Data >>
□ □ □ □

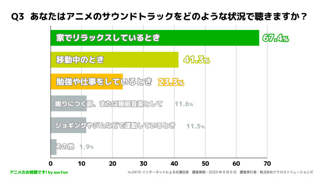 ただし20代においては「移動中のとき」で44.9%、「勉強や仕事をしているとき」は36.5%と、他の年代と比べるとさまざまな状況下でアニメのサウンドトラックを鑑賞する傾向にあります。
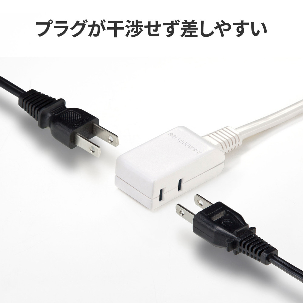 ●プラグが干渉せず差しやすい2個口仕様 タップの上面・側面に差込口がレイアウトされており、プラグが互いに干渉しにくいので、無駄なく差すことができます。
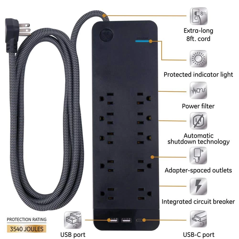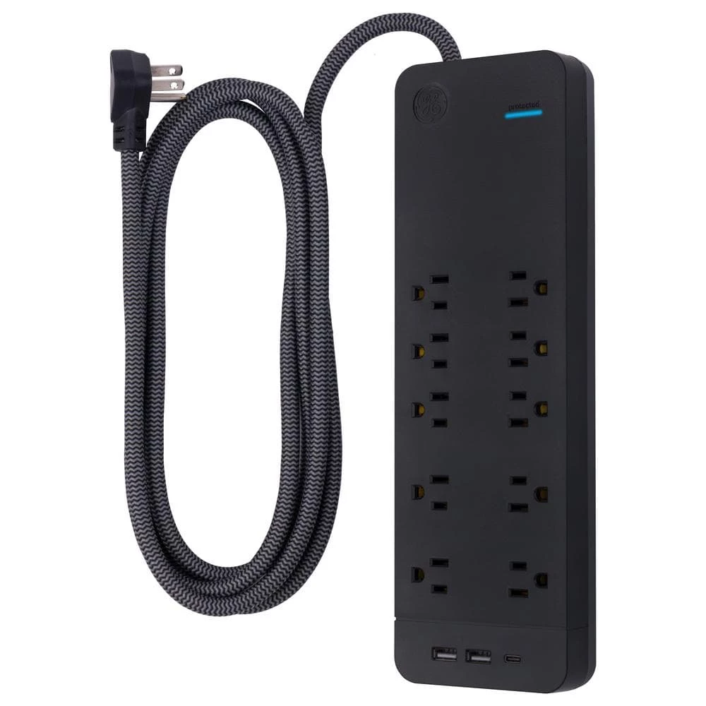10-Outlet 2 USB-A 1 USB-C Surge Protector with 8 ft. Braided Cord, Black

□ □ □ □

Your copy should match the data exactly, apart from the images, which are dropped.

Task response >>
 ただし20代においては「移動中のとき」で44.9%、「勉強や仕事をしているとき」は36.5%と、他の年代と比べるとさまざまな状況下でアニメのサウンドトラックを鑑賞する傾向にあります。
 ●プラグが干渉せず差しやすい2個口仕様 タップの上面・側面に差込口がレイアウトされており、プラグが互いに干渉しにくいので、無駄なく差すことができます。
10-Outlet 2 USB-A 1 USB-C Surge Protector with 8 ft. Braided Cord, Black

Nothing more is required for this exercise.